Birds of Prey #2: When it’s just . . . . Enough.

June 24th, 2010 by | Tags: ,

Anyone who has read this site knows I’m no fan of character death.  I thought, though, that the right circumstances could make me ignore one plot element that I didn’t like.  I was wrong.

I’m a ridiculous fangirl for the writer of this series.  I adore the characters.  I’m psyched about the book.  I’m intrigued by the story.  This is as ideal a situation as it gets.

In issue #2 a character dies, and the heroes are distraught over that character’s death.  I’ve re-written this tiny post several times because I don’t want this reaction to seem flip.  The minute I saw that, I stopped wanting the book.  I didn’t decide that I wasn’t going to buy it, or that I was going to make some kind of statement by not buying it.  I just didn’t want it anymore.

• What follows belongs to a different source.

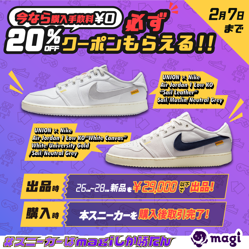 いつもmagiをご利用いただきありがとうございます! magi運営事務局でございます。 このたび以下のキャンペーンを実施いたします。■概要・参加条件 以下のいずれかの参加条件を満たした方に、20%OFFクーポン1枚をプレゼントいたします。 - 出品での参加条件 ・キャンペーン期間中に29,000円以下の価格で以下のいずれかのスニーカーを出品すること 「UNION × Nike Air Jordan 1 Low KO “Sail Leather” Sail/Muslin/Neutral Grey(DZ4864-100)」 「UNION × Nike Air Jordan 1 Low KO “White Canvas” White/Sail/University Gold/Neutral Grey(DO8912-101)」 ・サイズは26cm〜28cmのみ、状態は新品のみを対象とします - 購入での参加条件 ・キャンペーン期間中に以下のいずれかのスニーカーを購入し、取引が完了となること 「UNION × Nike Air Jordan 1 Low KO “Sail Leather” Sail/Muslin/Neutral Grey(DZ4864-100)」 「UNION × Nike Air Jordan 1 Low KO “White Canvas” White/Sail/University Gold/Neutral Grey(DO8912-101)」 以下キャンペーン参加申込フォームでの参加登録が必要となります。 キャンペーン参加申込フォームはこちら:https://forms.gle/4sYQbvNM7MpZi5un7 ■キャンペーン詳細 ・お一人様がもらえるクーポン枚数の上限は1枚です。 ・付与されるクーポンは割引上限金額10,000円、利用期間は付与から10日間となります。 ・以下の様な出品はポイント付与対象外となり、事務局が悪質と判断した場合は、アカウントの停止などの対応をさせていただきます。 - 商品名、商品画像が正しく設定されていない出品 - 同一商品の重複した出品 - 商品価格が相場から乖離した出品 - 商品名、商品画像からキャンペーン条件を満たすことが判別できない出品 - 実際の商品と異なるカテゴリ、ブランドへの出品 - 専用出品 - その他、事務局が不適切と判断した出品 ■キャンペーン期間 出品・購入期限、申込フォームでの参加登録期限:2023/2/3(金)18:00〜2023/2/7(火)23:59 取引完了期限:2023/2/26(日)23:59 クーポンを付与する日程は2023年3月上旬を予定しております。 ■その他注意事項 ・不正行為、複数アカウントを用いてポイントを受け取るために架空の出品や、実際の取引を装った手渡しでの知人間、親族間での取引、同一ユーザー間での不自然な連続した取引などの運営上の趣旨に反していると弊社が判断した行為が行われた場合はポイント付与対象外とし、アカウントの停止などの対応をさせていただきます。 ・キャンペーンへの参加を目的とした、売却意思のない出品や在庫がない商品の出品は付与対象外とし、アカウントの停止などの対応をさせていただきます。 ・キャンペーン期間前に既に出品されていた商品情報を編集した場合は出品とはみなされないためご注意ください。 ・ポイント付与時点で、退会されているお客様のポイント、また利用規約違反の商品に関するポイントは付与対象外となります。 ・magiポイントは1ポイント=1円として1ポイントからmagiでの購入に利用できるもので、有効期限は付与日から150日間です。 ・本キャンペーンは予告なく変更・中止する場合がございます。 ・本キャンペーンは株式会社ジラフ「magi」が主催しているものです。 ご不明点などございましたら、お問い合わせよりご連絡ください。 お問い合わせは、アプリ左上メニュー→「お問い合わせ」からご利用いただけます。 引き続き、magiをよろしくお願いいたします。

The thing is, I went online and found several hints that this death is not what it seems.  I still don’t want the book.  I really don’t care about the circumstances of character death anymore.  It doesn’t matter if the fallout is realistic, if it’s happening for sound story purposes, if it’s helping to set up a new and exciting new world, if it’s a really great story, or even if the death is guaranteed to be temporary.  I just don’t care.

Don’t get me wrong, I’m not giving up the book.  Like I said, I love the whole package of Birds of Prey.  As soon as the ripples stop – no funeral, no angst, no memories or flashbacks -I’ll be back and loving it. 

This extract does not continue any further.